> [Supplied data]:
^^^^^^^^^^^^^^^^
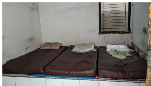
Gambar 22. Fasilitas di dalam kamar
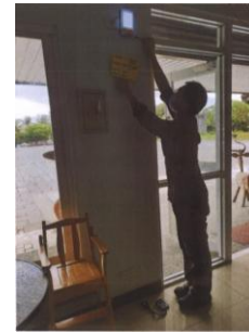
緊急照明燈移位設置照片
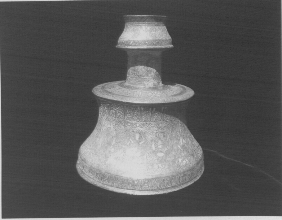
Fot.1 Şamdanın Genel Görünüşü.
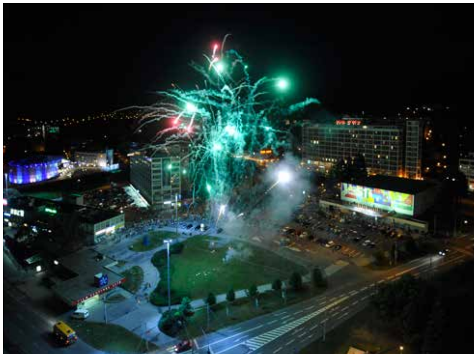
Filmový festival pro děti a mládež je každý rok jednou z nejvýznamnějších akcí ve Zlíně.

Divadlo v nové sezoně s podtitulem „Cher- chez La Femme“ opět nabízí několik variant předplatného. Velkou výhodou všech je sle- va na vstupném, až třicet procent. Novinkou je například „hlídací služba“ pro maminky s malými dětmi nebo společně Komorní před- platné do Studia Z a Dílny 9472.
^^^^^^^^^^^^^^^^
> [Activity]:
Drop the pictures, then reproduce exactly the lines from the one with "Fot.1 Şamdanın Genel Görünüşü." through the final line of the listing.

> [Reply]:
Fot.1 Şamdanın Genel Görünüşü.
Filmový festival pro děti a mládež je každý rok jednou z nejvýznamnějších akcí ve Zlíně.

Divadlo v nové sezoně s podtitulem „Cher- chez La Femme“ opět nabízí několik variant předplatného. Velkou výhodou všech je sle- va na vstupném, až třicet procent. Novinkou je například „hlídací služba“ pro maminky s malými dětmi nebo společně Komorní před- platné do Studia Z a Dílny 9472.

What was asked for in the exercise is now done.